Completeness & Consistency (Part 1)
Welcome to the seventh issue of Model Your Reality, a newsletter with musings about data modeling, data warehousing and the like.
Until further notice, each issue will contain of two parts:
a list of data events that might be of interest for you (they definitely are of interest for me) and
some thoughts about a certain data topic (like data vault modeling patterns).
Let’s get started!
Data Events
Recent
In case you missed the Data Modeling Meetup with Ronald G. Ross on how to tackle the real reasons for data quality issues, you can watch the recording here.
Upcoming
If you know about other relevant events in the near future, please mention them in the comments or send an email to admin@obaysch.net.
2022-05-11: Snowflake Data Vault User Group with me (online)
2022-05-18: UK Data Vault User Group with Dirk Lerner (online)
2022-05-19: Data Modeling Meetup with Roelant Vos (online)
2022-06-01/03: Knowledge Gap data modeling & data architecture conference (online)
2022-06-02: The Present and Future of Data Warehousing (free Knowledge Gap companion event, online)
2022-06-20/22: Data Vault Training (CDVDM), Genesee Academy (online)
2022-06-20/22: TDWI Conference (Munich, Germany)
2022-06-21: Data Modeling Beergarden – TDWI Special 2022 (Munich, Germany)
Completeness & Consistency (Part 1)
The consumers of data from a data warehouse usually expect the data in the presentation layer to be clean, complete and consistent. In most cases, this expectation is somewhat at odds with the data quality found in the operational systems that feed the data warehouse.
Dealing with Existing Data Quality Issues
Historically, data warehouse developers have tried to hide all these data quality issues from consumers and to deliver a sugarcoated version of the data, often at great expense. But a more nuanced approach tends to offer a better cost-benefit ratio:
Fixing a data quality issue at the source is almost always the cheapest and most sustainable solution. Instead of masking problems in operational data with complex business logic, the data warehouse should make it easier to fix them by exposing them through raw marts, error marts or data quality screens. Ideally, an automatic process reports errors and inconsistencies directly back to the operational systems.
In case it’s not possible to fix an issue at the source, it often makes sense to let subject matter experts and other business users make the corrections. They know how business processes are supposed to work and are usually in a better position than some random data warehouse developer to provide the correct values. These corrections then can serve as another source to the data warehouse that overrides bad data from operational systems.

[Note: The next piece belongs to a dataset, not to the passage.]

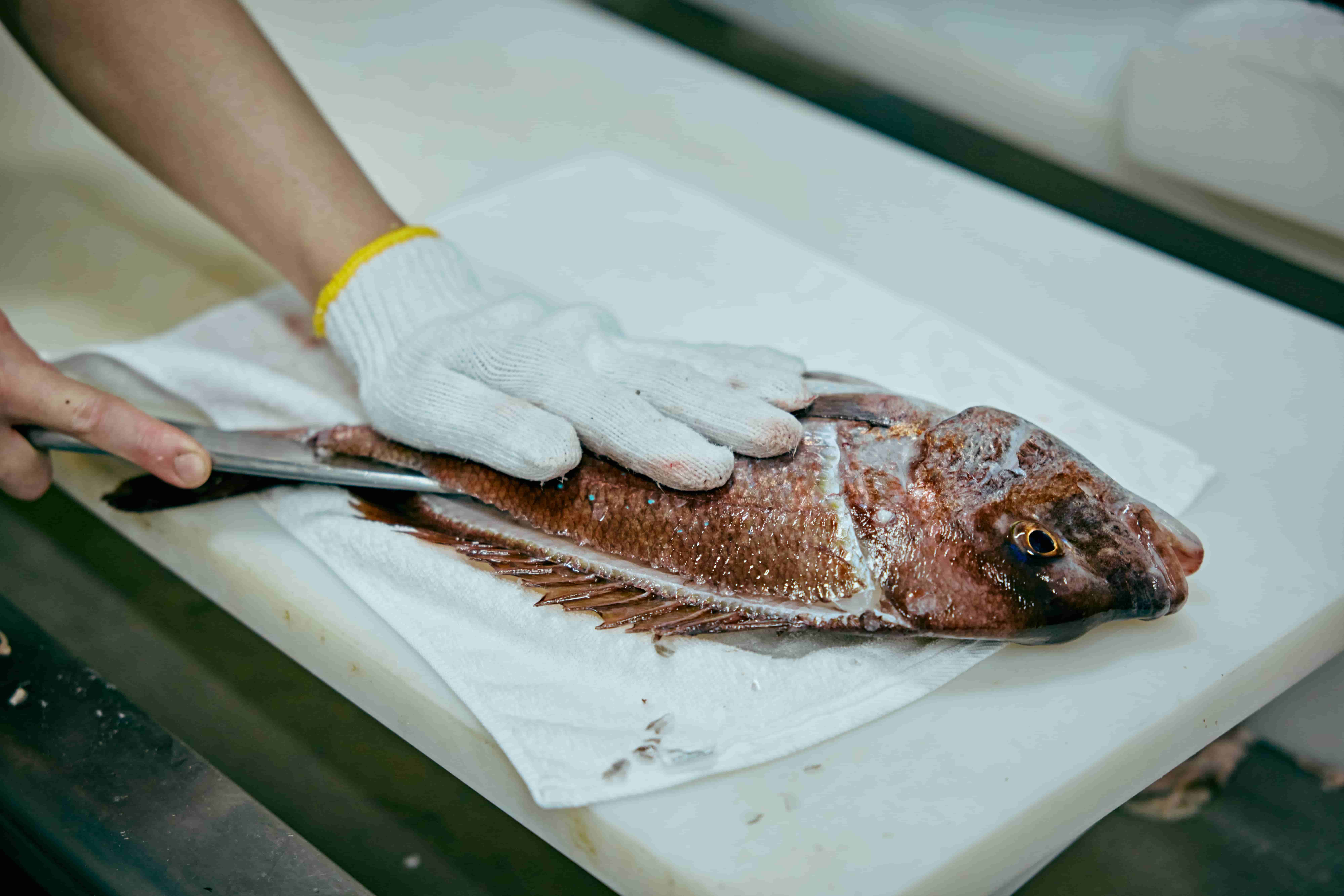 「魚は自分を防御するために体にぬめり気を出すのですが、そのぬめり気がしっかりあると質が高い。そういう細かいところを数秒間でチェックしています」と山口さん。
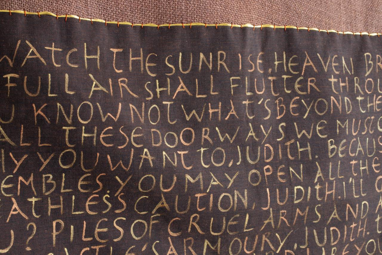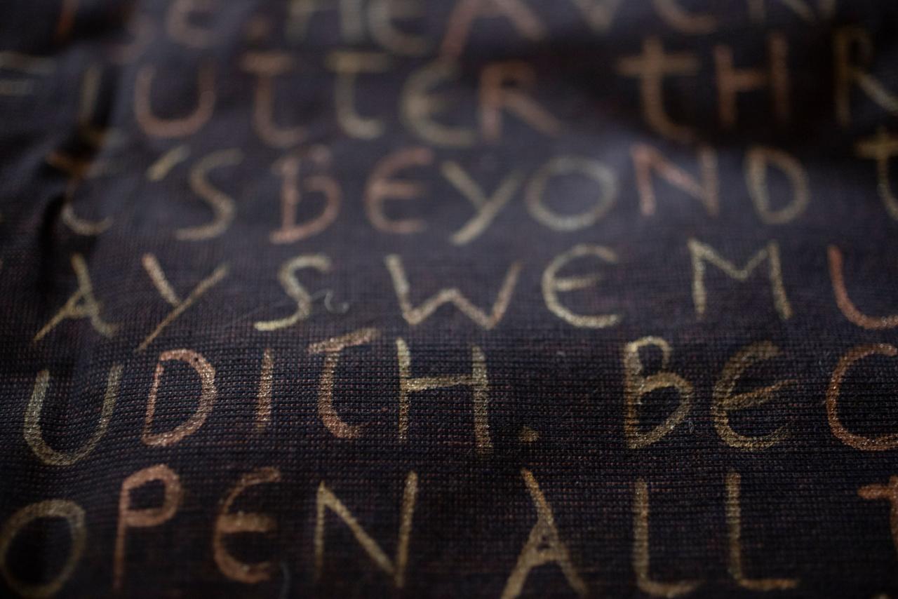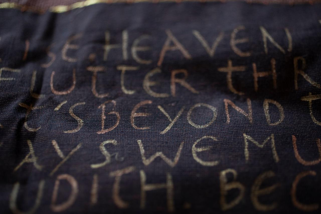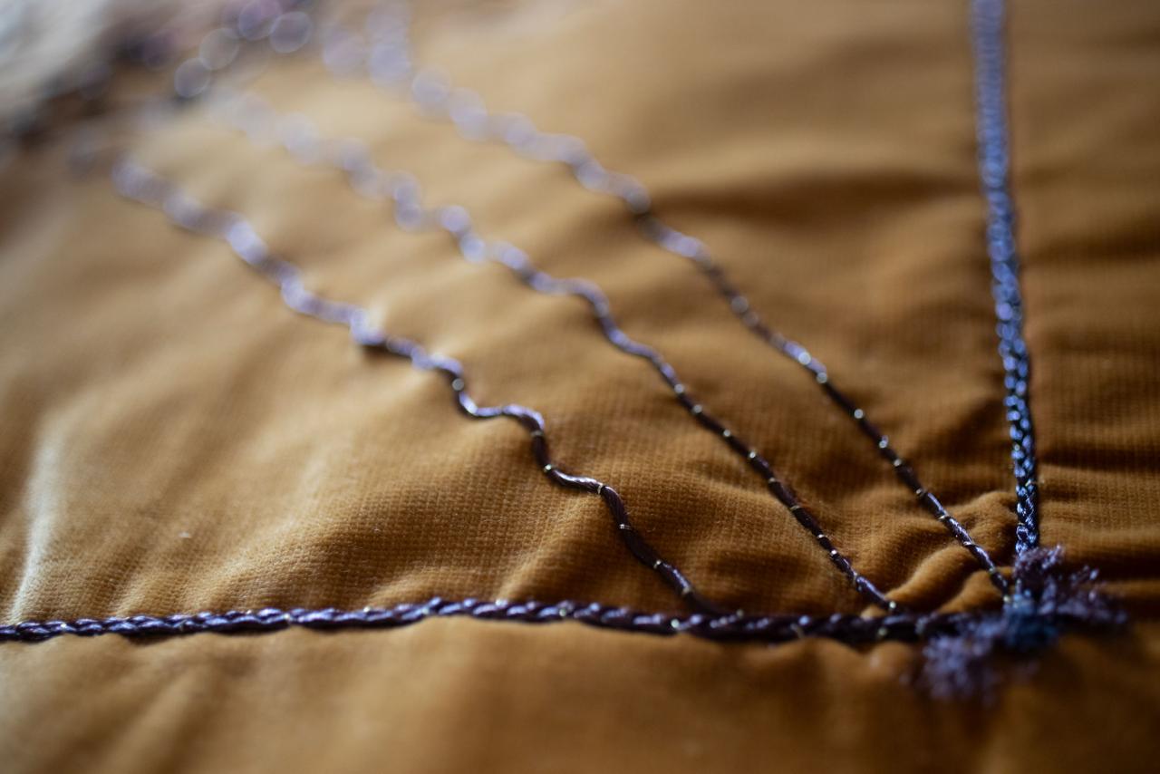 Cheveux tressés appliqués sur fond de velours, boutons d’argent, petits objets en argent, acrylique dorée, 175 x 126 cm.

Often, data describing a certain concept or subject area comes from different sources but not all these sources are of equally good quality. A simple ranking of these sources can make sure that only the data from the most reliable source that is available for an instance of a concept makes it to the presentation layer.
Only if none of the above helps, you should seriously consider implementing complex logic to deal with data quality issues. In this case, try to implement this logic in a way that is understandable to whoever will come after you and reusable for other consumers.
Not Adding New Data Quality Issues
Given all the data quality issues you are likely to encounter in your sources, you should try not to add issues of your own making when loading data to your data warehouse.
Loading everything in parallel and presenting the result to downstream consumers in a near real-time fashion sounds sexy but can lead to timing issues that creates incomplete, inconsistent data instead of avoiding it. If your consumers are fine with a data mart that is refreshed every night, giving them exactly that (and not more) might make it easier for you to present high-quality data.
Outlook
In some of the next issues of Model Your Reality, we’ll look at various kinds of data quality, integration and error handling issues in more detail. The approaches described there will help you to achieve a reasonable level of completeness and consistency in your data warehouse with a reasonable level of effort.